S.B. 83, which has seen nearly a dozen iterations, bans most mandatory diversity, equity and inclusion training, and requires “intellectual diversity” on “climate policies; electoral politics; foreign policy; diversity, equity, and inclusion programs; immigration policy; marriage; or abortion” in Ohio public universities.
The bill also requires schools to have a mandatory American history or government course, which would include reading assignments of the U.S. Constitution, Declaration of Independence, Federalist Papers, Emancipation Proclamation, Gettysburg Address and Dr. Martin Luther King Jr.’s Letter from Birmingham Jail.
The current iteration features a new retrenchment provision that would prevent unions from negotiating on tenure.
“The current iteration of S.B. 83 is still a far overreach of politics into important aspects of university life and its operations,” Andrew Slifkin, then-president of the CSU Chapter of the American Association of University Processors (AAUP), shared with The Cauldron in January 2024.
Students have spoken out against the bill since it was first introduced, prompting the CSU Student Government Association (SGA) to pass a resolution in April 2023 condemning it, the first student government in Ohio to do so. SGA also signed a joint letter of multiple Ohio universities and the CSU AAUP, which represents 203,784 college students opposing the bill.
CSU’s chapter of the Ohio Student Association has previously called the bill, also known as the Higher Education Enhancement Act, the “Higher Education Destruction Act.” CSU’s chapter of the College Democrats also rejects the bill and seeks to “educate voters…and create the pressure necessary to protect our fellow students at CSU.”

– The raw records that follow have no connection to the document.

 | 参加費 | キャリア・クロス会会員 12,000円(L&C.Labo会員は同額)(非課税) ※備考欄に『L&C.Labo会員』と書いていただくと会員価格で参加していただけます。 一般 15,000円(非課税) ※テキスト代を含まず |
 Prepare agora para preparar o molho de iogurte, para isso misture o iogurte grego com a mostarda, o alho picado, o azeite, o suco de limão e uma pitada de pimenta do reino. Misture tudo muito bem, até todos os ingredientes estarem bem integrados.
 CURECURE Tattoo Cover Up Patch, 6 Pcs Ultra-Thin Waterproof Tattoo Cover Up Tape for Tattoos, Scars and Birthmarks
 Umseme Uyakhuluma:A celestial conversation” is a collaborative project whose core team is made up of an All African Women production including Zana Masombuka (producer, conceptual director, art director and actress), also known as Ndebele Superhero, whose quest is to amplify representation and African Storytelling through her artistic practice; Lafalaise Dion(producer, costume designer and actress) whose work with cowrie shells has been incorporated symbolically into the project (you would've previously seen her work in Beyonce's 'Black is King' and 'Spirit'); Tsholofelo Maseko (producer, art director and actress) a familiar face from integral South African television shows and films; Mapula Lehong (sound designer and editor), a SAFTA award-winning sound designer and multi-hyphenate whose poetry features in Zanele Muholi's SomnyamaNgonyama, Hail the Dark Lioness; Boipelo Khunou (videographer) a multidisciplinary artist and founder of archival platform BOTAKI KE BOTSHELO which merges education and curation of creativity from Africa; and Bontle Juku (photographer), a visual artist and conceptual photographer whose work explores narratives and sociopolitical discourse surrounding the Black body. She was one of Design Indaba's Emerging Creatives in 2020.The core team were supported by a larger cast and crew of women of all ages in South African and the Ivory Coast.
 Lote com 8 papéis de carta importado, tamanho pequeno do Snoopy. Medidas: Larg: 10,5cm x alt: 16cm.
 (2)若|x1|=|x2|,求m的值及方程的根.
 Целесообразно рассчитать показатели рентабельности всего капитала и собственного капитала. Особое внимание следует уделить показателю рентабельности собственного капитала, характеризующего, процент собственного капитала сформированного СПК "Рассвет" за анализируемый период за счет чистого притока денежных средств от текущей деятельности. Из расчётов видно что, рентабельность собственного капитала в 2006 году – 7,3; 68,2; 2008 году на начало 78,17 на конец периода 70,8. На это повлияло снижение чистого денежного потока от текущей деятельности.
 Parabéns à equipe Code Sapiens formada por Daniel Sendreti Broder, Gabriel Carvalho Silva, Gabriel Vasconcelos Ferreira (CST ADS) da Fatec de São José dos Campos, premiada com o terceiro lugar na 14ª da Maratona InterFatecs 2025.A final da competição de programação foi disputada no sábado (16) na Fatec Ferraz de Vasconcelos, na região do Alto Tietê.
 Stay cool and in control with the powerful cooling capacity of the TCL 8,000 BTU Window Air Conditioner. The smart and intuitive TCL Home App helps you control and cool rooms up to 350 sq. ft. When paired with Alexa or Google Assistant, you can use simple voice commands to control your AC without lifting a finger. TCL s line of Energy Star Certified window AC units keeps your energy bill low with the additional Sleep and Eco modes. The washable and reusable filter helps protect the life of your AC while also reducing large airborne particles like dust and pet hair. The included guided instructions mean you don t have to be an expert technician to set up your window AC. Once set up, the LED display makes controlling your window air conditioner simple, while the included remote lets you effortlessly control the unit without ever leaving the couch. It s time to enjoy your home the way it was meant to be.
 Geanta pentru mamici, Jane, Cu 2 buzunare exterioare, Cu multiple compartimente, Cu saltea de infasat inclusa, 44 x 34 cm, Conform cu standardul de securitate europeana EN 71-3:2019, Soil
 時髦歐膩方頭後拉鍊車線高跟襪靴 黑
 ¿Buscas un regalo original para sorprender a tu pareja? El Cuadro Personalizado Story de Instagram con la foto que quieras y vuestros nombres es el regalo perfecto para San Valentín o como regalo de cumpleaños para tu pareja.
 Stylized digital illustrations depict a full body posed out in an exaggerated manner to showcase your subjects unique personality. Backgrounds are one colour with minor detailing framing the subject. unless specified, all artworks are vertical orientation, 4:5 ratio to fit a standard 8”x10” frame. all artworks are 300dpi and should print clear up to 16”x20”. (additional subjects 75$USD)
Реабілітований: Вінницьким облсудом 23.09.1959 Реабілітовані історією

Bloomberg, who met with Cirino last summer to discuss S.B. 83, explained in an April 2023 interview with The Cauldron that while she supports some parts of the bill, there are others she does not.
For example, Bloomberg is a known supporter for free speech, which S.B. 83 sponsors believe the bill champions, but she isn’t as convinced. Also, she worries about the provision of the bill that seeks to ban relationships between Ohio and Chinese universities, and what it would do to CSU’s relationship with Chinese scholars and students.
Should the bill pass, Bloomberg wishes to uphold CSU principles and avoid pitting the Board of Trustees, administration and faculty against each other.